Kathryn Joyce profiles the Australian serviceman with PTSD who flew halfway around the world to die alone on the side of a mountain.

Joyce's Pacific Standard feature story is currently available on newsstands and to subscribers and will be posted online on Monday, March 7. Until then, an excerpt:

On the second-to-last day of 2013, when the glow of Christmas had passed and there was nothing to do but settle in for months of unbroken winter, a stranger arrived in Saranac Lake, a 5,400-person mountain town 70 miles shy of the Canadian border. Set amid the patchwork of forest preserves and villages that make up the largest publicly protected area in the Lower 48, Saranac Lake is the self-appointed "Capital of the Adirondacks," a onetime best small town of New York, and the place where I'm from.

The stranger was a 31-year-old infantry captain in the Royal Australian Regiment who'd been diagnosed with post-traumatic stress disorder after returning from Afghanistan two years before. He arrived at 6 p.m. on the one bus that comes through town each day: an Adirondack Trailways coach that chugs slowly uphill from Albany, stopping in what seems like every podunk town along the way.

To get to Albany, he'd taken a bus from New York City, and before that planes from San Francisco, Sydney, Canberra, and, ultimately, Adelaide, Australia, his own hometown, more than 10,500 miles away. He was male-model good-looking—wholesome and tidy, with intelligent eyes—though he'd recently grown shockingly thin and had cut his brown, widow's-peaked hair so close it was nearly shaved.

He'd been a battle captain in Afghanistan's Uruzgan province, just north of Kandahar, working as part of a North Atlantic Treaty Organization coalition force. But his PTSD diagnosis had placed him on restricted status, and he'd since been re-assigned to a desk job in Canberra, Australia's sterile government seat. He had a medical review coming up in January and, his family would later tell the police, he feared he might be discharged. The Australian Defence Force was withdrawing from Afghanistan at the end of 2014, and the military was downsizing; everyone who remained had to be fit to deploy.

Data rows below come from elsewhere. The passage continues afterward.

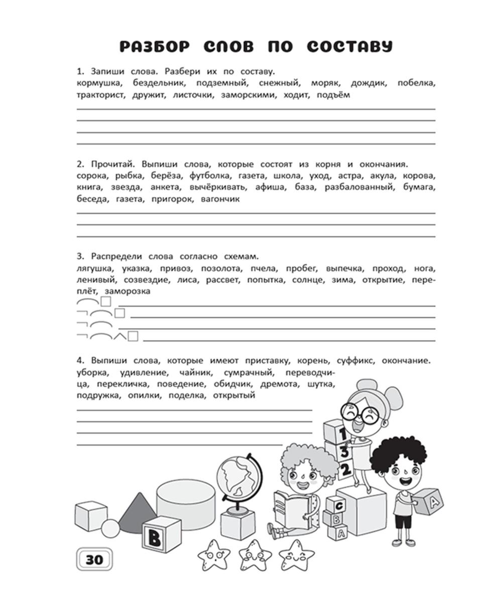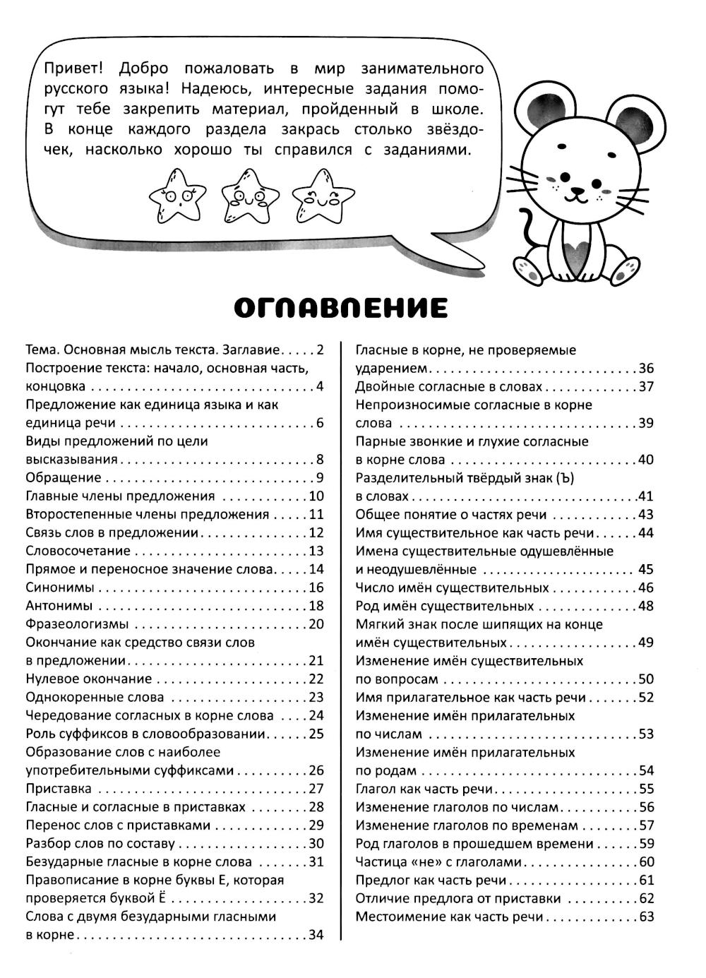 Это занимательный тренажер по русскому языку для 3 класса начальной школы. В рабочей тетради по русскому языку для детей 8, 9, 10 лет представлены разнообразные виды упражнений, которые помогут обучению письму, обучению грамоте, закрепить материал, изученный на уроках, а также пополнить словарный запас и научиться писать грамотно. В ней Вы найдете правила орфографии, проверочные работы и интересные задачи, разработанные специально для младших школьников. Тренажер по чистописанию для 3 класса поможет развить мелкую моторику, внимание, память ребенка, а также развить его воображение. Рабочие тетради серии «Занимательный русский язык» имеют яркие иллюстрации и предлагают игровые задания, что делает их нескучными для детей младшего школьного возраста. Данное учебное пособие можно использовать для дополнительных занятий как в школе, так и дома, для повторения материала во время каникул. Оно является прекрасным выбором для комплексного образования, просвещения и развития ребенка, помогая улучшить его умения в грамоте и письме на родном русском языке. Кроме того, рабочая тетрадь по русскому языку может стать отличным подарком девочке и мальчику на День Рождения, выпускной, 1 сентября или подарком просто так для малышей школьников, которые любят заниматься развивающими заданиями.| Издательство | Харвест |
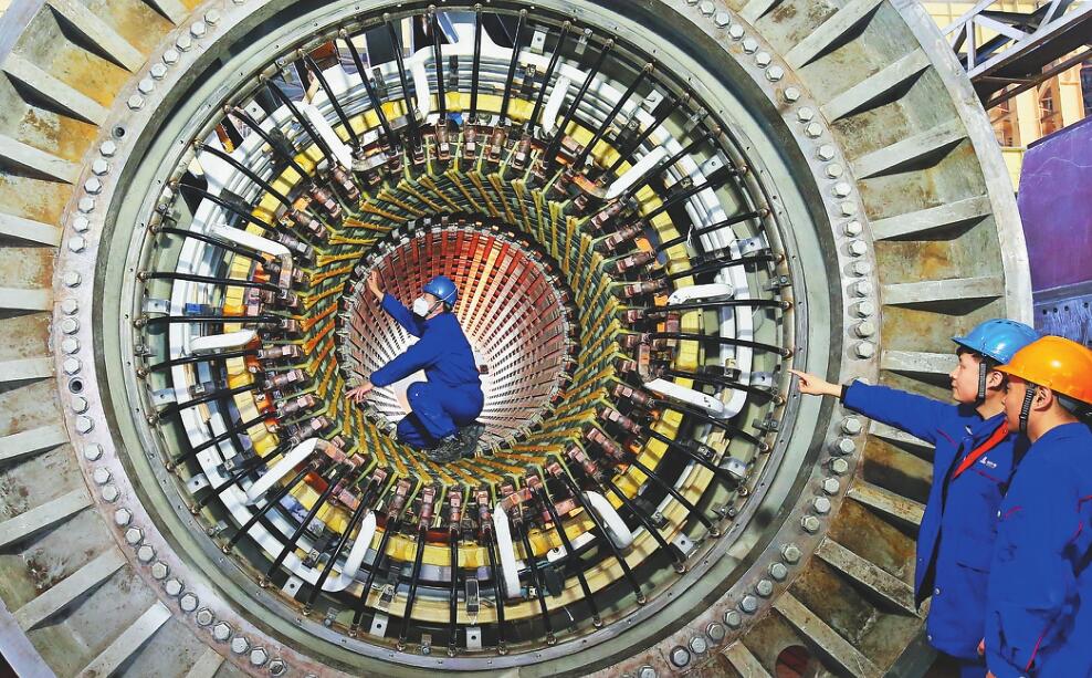 近日,哈電集團哈爾濱電機廠(chǎng)有限責任公司喜獲甘肅省電力投資集團公司常樂(lè )4臺百萬(wàn)千瓦超超臨界汽輪發(fā)電機制造合同,實(shí)現了2017年市場(chǎng)開(kāi)發(fā)“開(kāi)門(mén)紅”,顯示了哈電機在百萬(wàn)火電領(lǐng)域的雄厚實(shí)力。圖為哈電機百萬(wàn)火電項目產(chǎn)品羅源灣1號機定子正進(jìn)行絕緣引水管防護工序。
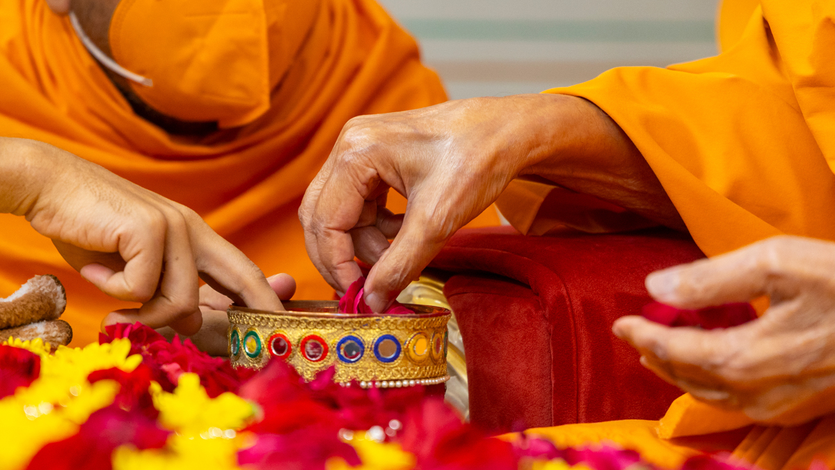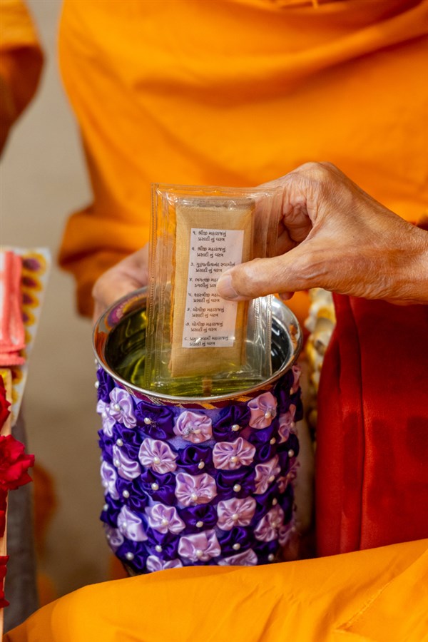 Swamishri adds flowers to the sanctified water
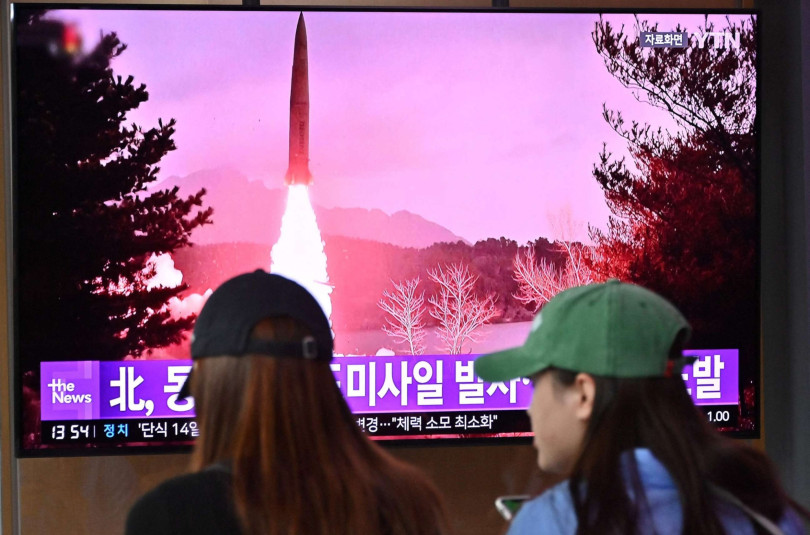 Người dân Hàn Quốc xem tin tức về vụ thử tên lửa của Triều Tiên ngày 13-9. Ảnh: AFP
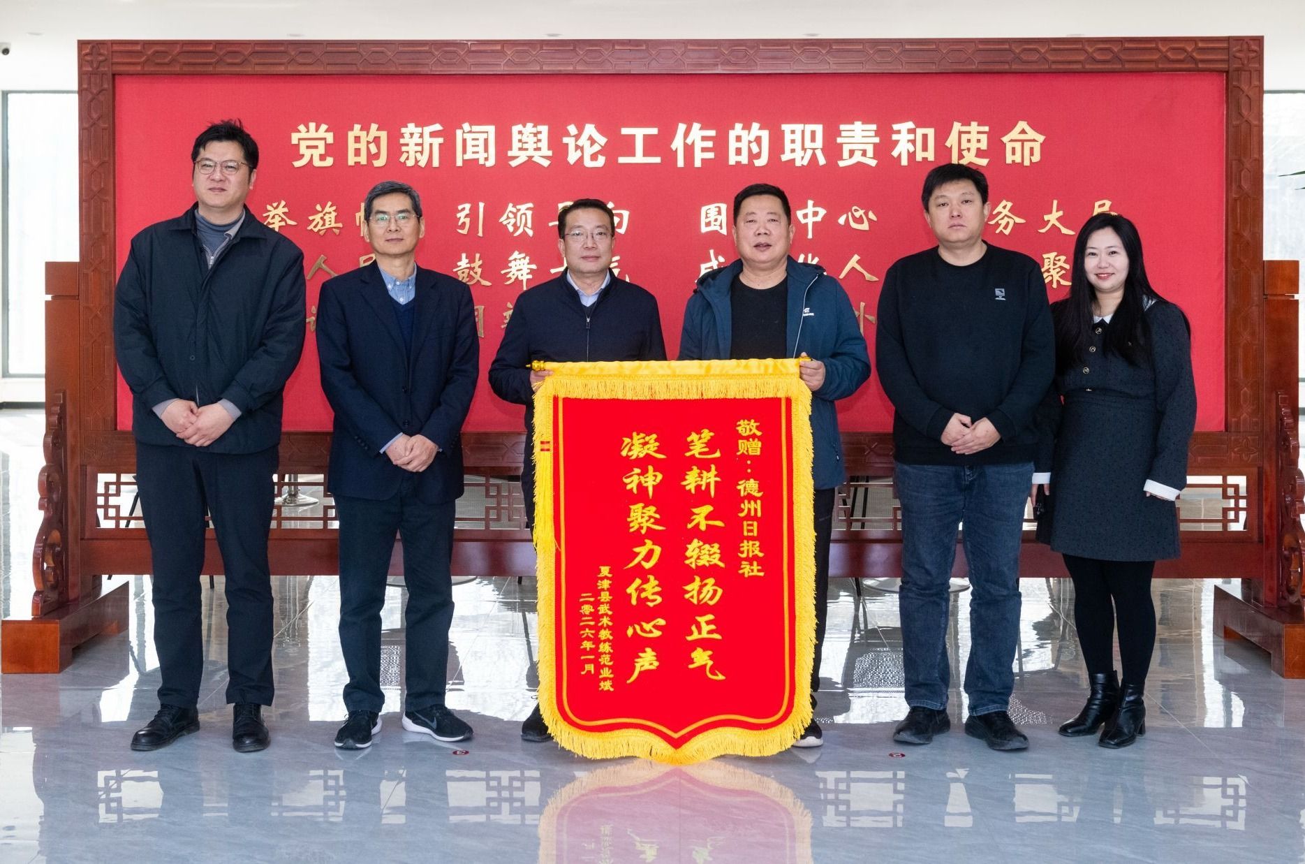 “感谢报社对我这个基层一线武术教练的关注,你们的报道让我感到做的这点事儿有了更高的价值。”近日,夏津县少儿竞技体育学校教练员范业斌来到德州日报社,将一面写有“笔耕不辍扬正气,凝神聚力传心声”的锦旗交到德州日报社有关负责人手中,表达对报社开展正能量报道的诚挚感谢。

The bus let out in front of the shuttered Hotel Saranac, its six-story bulk standing dark and silent over the town. From what police would later determine, the man probably walked down Main Street, past the fogged windows of bars, under the yellow face of the town hall clock tower, then traced the curve of Lake Flower back in the direction from which his bus had come. He might have stopped in a liquor store and the shopping plaza at the edge of town, then walked a little farther down the road toward neighboring Lake Placid before turning around where the snowplows do, at the crossing of the old railroad tracks.

Somewhere around nine, he returned to one of the last motels he'd passed, a two-story Best Western, and asked the clerk how far the woods extended past town. Hearing the answer—nine miles to Lake Placid—he said he'd stay the night. At 10, he emerged briefly to use the lobby computer.

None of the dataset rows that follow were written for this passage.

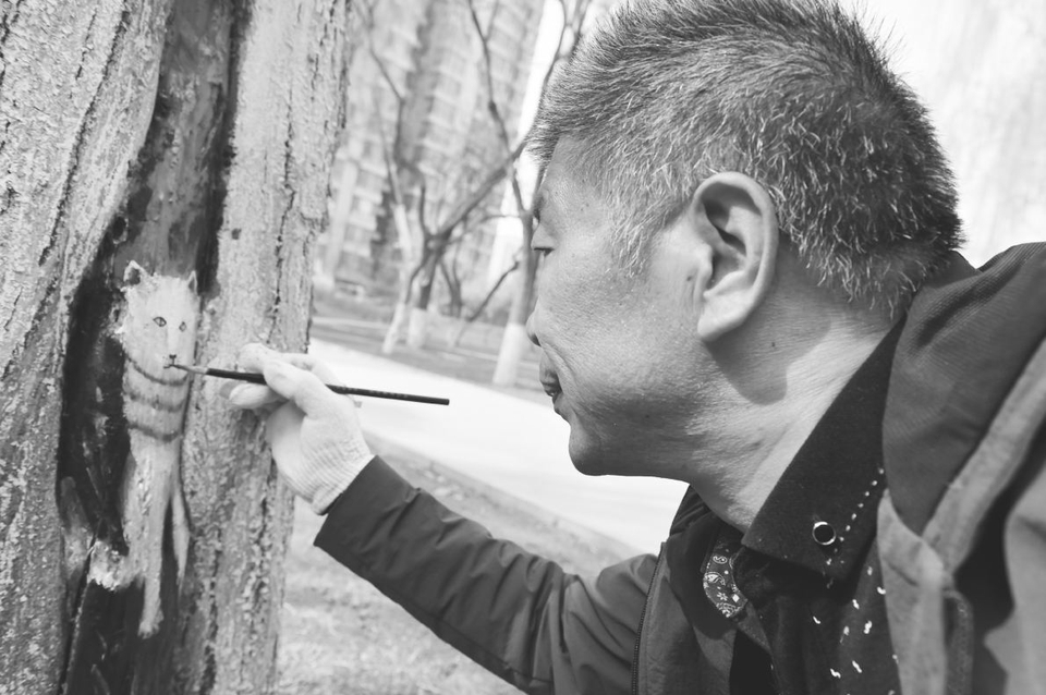 4月7日,太原市龙潭公园,一名擅长绘画的职工正在公园内大树的树洞上作画。据了解,龙潭公园内的大树树洞将全部被画上小浣熊、鹦鹉、长颈鹿等动物,远远看去,好像树洞里住上了一只只小动物。这些图案采用了丙烯颜料绘画,可以长久保留。
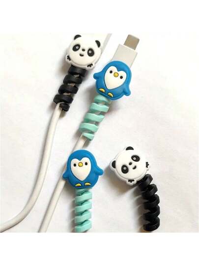 4 件装可爱卡通动物硅胶螺旋电缆保护器,易于安装,无需电池 - 彩色 - 查看 4
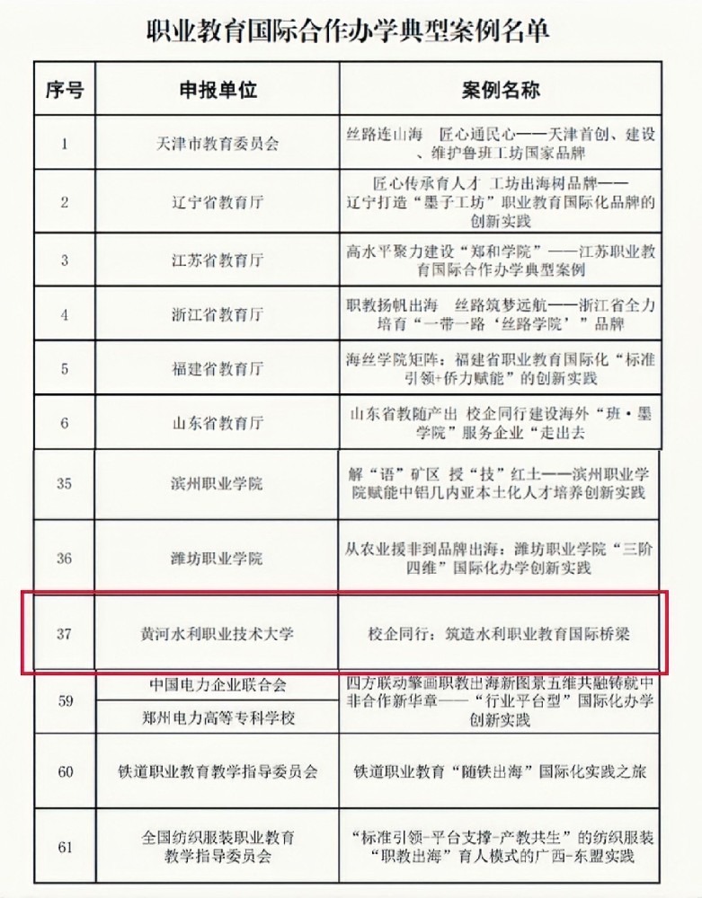 近日,中国教育国际交流协会受教育部职业教育与成人教育司委托,正式公布了“职业教育国际合作办学典型案例”遴选结果。经全国范围征集与专家评审,共遴选产生61个优秀案例。黄河水利职业技术大学申报的《校企同行:筑造水利职业教育国际桥梁》案例成功入选。
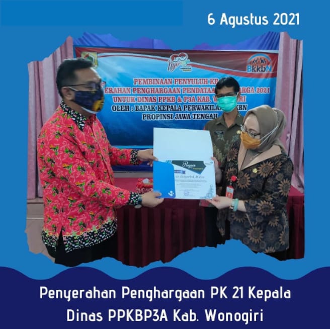 Kunjungan Kepala Perwakilan BKKBN Jateng drg. Widwiono, M.Kes ke Kabupaten Wonogiri dalam rangka Pembinaan kepada Penyuluh KB dan Penyerahan Penghargaan Pelaksanaan Pendataan Keluarga 2021. Penghargaan diberikan kepada Kabupaten Wonogiri yang telah berhasil menyelesaikan Pendataan Keluarga tepat waktu, diterima oleh Asisten Administrasi Umum, Wiyanto, SH, M.Si. Selain itu diberikan juga penghargaan kepada Kepala Dinas PPKB dan P3A Kab. Wonogiri dr. Setyarini, M.Kes yang telah berhasil memimpin kegiatan Pendataan Keluarga 2021 ini sehingga terlaksana dengan baik dan lancar. Pembinaan kepada PKB secara tatap muka diwakili 8 Penyuluh KB, sedangkan para PKB yang lain mengikuti secara dari dari Balai KB masing - masing.

The next morning, on New Year's Eve, he bought a plastic shovel and a decorative fleece blanket at the shopping plaza and set off on foot. People would later say they'd seen him pass, dressed in snow pants and a black winter parka, and carrying a large, brown backpack as he walked toward the crossing. The snow was spotty due to a pre-Christmas thaw, but weather was coming. Weather was coming to the whole country, in fact, as a polar air mass—a vortex, meteorologists intoned—descended from the Arctic.

The railroad tracks cut through a marshy area, continued through the smattering of houses that make up the hamlet of Ray Brook, and passed the gates of the federal penitentiary. At noon, two guards on their lunch break saw a man in winter gear walking steadily east. Just beyond the prison was the trail to Scarface Mountain. Broad but not tall, with no real view, Scarface isn't majestic, but on the slope facing Saranac Lake is a distinctive, rocky cliff—its eponymous scar. From the trailhead to the summit, it's a 3.5-mile climb that takes around two hours in summer. In late December, it would have been slower going, the route covered by snow, criss-crossed with misleading animal trails, and slick with ice. At some point, the man walked off the trail and into the unmarked woods.